Figure 2 shows the neutral-stability enthalpy transfer coefficient for a reference height of 10 m CKN10 that the 3000 calculations described in the last section yielded. For comparison, the figure also shows the curve that represents interfacial transfer in the Andreas et al. (2008) and Andreas (2010) algorithm. The interfacial transfer coefficient for enthalpy in neutral stability is a single-valued function of wind speed, but the implied enthalpy transfer coefficient computed from the total flux is not: CKN10 is a function of surface temperature and wind speed (and, less obviously, relative humidity and surface salinity).
The CKN10 values in Fig. 2 are approximately constant for wind speeds up to about 20 m s−1. Such behavior in actual measurements of CKN10 (or CHN10 and CEN10, the comparable neutral-stability transfer coefficients for sensible and latent heat) is usually interpreted to mean that sea spray has no effect on air–sea heat transfer (e.g., Smith 1989; DeCosmo et al. 1996; Smith et al. 1996). This misconception seems to go back at least to Bortkovskii (1987), who suggested in his Fig. 3.10 that CHN10 and CEN10 increase dramatically for winds above 15 m s−1 because of enhanced transfer mediated by sea spray.
Figure 2, however, suggests a different scenario. The COARE version 2.6 algorithm, which uses the surface renewal theory of Liu et al. (1979) to estimate the interfacial transfer coefficients, predicts that CKN10, CHN10, and CEN10 all decrease with increasing wind speed beyond their maxima at about 6 m s−1. Thus, the transfer coefficients need not increase to reflect spray effects; the nearly constant CKN10 values for 5 ≤ UN10 ≤ 20 m s−1 in Fig. 2 are above the interfacial transfer limit because of spray-mediated exchange (cf. Andreas and DeCosmo 2002; Andreas et al. 2008; Andreas 2010).
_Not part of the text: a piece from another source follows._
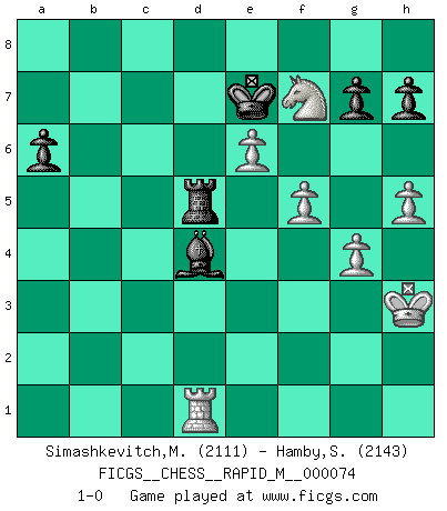 Last move : 1-0 2014 December 1 6:41:27 [Event "FICGS__CHESS__RAPID_M__000074"] [Site "FICGS"] [Date "2014.07.15"] [Round "1"] [White "Simashkevitch,Mykola"] [Black "Hamby,Stephen"] [Result "1-0"] [WhiteElo "2111"] [BlackElo "2143"] 1.e4 Nf6 2.e5 Nd5 3.d4 d6 4.Nf3 dxe5 5.Nxe5 c6 6.Be2 Bf5 7.O-O Nd7 8.Nf3 e6 9.c4 N5b6 10.Nc3 Be7 11.Bd3 Bxd3 12.Qxd3 Qc7 13.c5 Nd5 14.Nxd5 cxd5 15.b4 a6 16.g3 Qc8 17.Bf4 O-O 18.Rfe1 Rd8 19.a4 Nf6 20.b5 Nh5 21.Be3 Nf6 22.Rec1 Ne4 23.b6 f6 24.Ne1 e5 25.f3 Ng5 26.Bxg5 fxg5 27.dxe5 g4 28.fxg4 Bxc5+ 29.Kg2 Qc6 30.a5 d4 31.Nf3 Rd5 32.Qe4 d3 33.Rc4 Rad8 34.Rd1 Qg6 35.Qf5 Bf8 36.Rc7 Rxa5 37.Rxb7 Rb5 38.h4 Qxf5 39.gxf5 Bc5 40.e6 Rxb6 41.Rc7 Rb2+ 42.Kh3 Bb6 43.Rf7 d2 44.Ng5 Rb8 45.Ne4 Rb4 46.Nxd2 Rd4 47.Rd7 Kf8 48.Rxd4 Bxd4 49.Nc4 Rd8 50.Ne5 Rd6 51.Nf7 Rd5 52.g4 Ke7 53.h5 1-0 Alekhine's defense : Modern, Larsen variation Kingside Castling by player White (move 7) Kingside Castling by player Black (move 17) Player White won this chess game. Follow this game move after move (download)Fischer, who may or may not be mad as a hatter, has every right to be horrified. (Jeremy Silman) Wer sich die Fähigkeit anerziehen will im Schach selbstständig zu denken, der muß alles meiden, was leblos ist: ausgeklügelte Theorien, die sich auf sehr wenige Beispiele und eine Menge Hirngespinste stützen. (Emanuel Lasker) No existe un remordimiento como el remordimiento del Ajedrez. (H. G. Wells) La menace est plus forte que l'exécution. (Aaron Nimzovitch) Imagination is more important than knowledge. Knowledge is limited. Imagination encircles the world. (Albert Einstein)

Figure 3 shows what the Andreas algorithm says about the ratio CKN10/CDN10. Although CDN10 is a single-valued function of wind speed in this algorithm, CKN10/CDN10 is not because of how spray-mediated transfer affects CKN10. The figure also shows Emanuel’s (1995) limit—that CKN10/CDN10 should be larger than 0.75—and what strict interfacial transfer predicts for the value of that ratio. This interfacial curve explains why Emanuel’s limit caused such concern: The CKN10/CDN10 ratio for interfacial transfer is below 0.75 for all wind speeds above about 10 m s−1 and is roughly half this limit for hurricane-strength winds.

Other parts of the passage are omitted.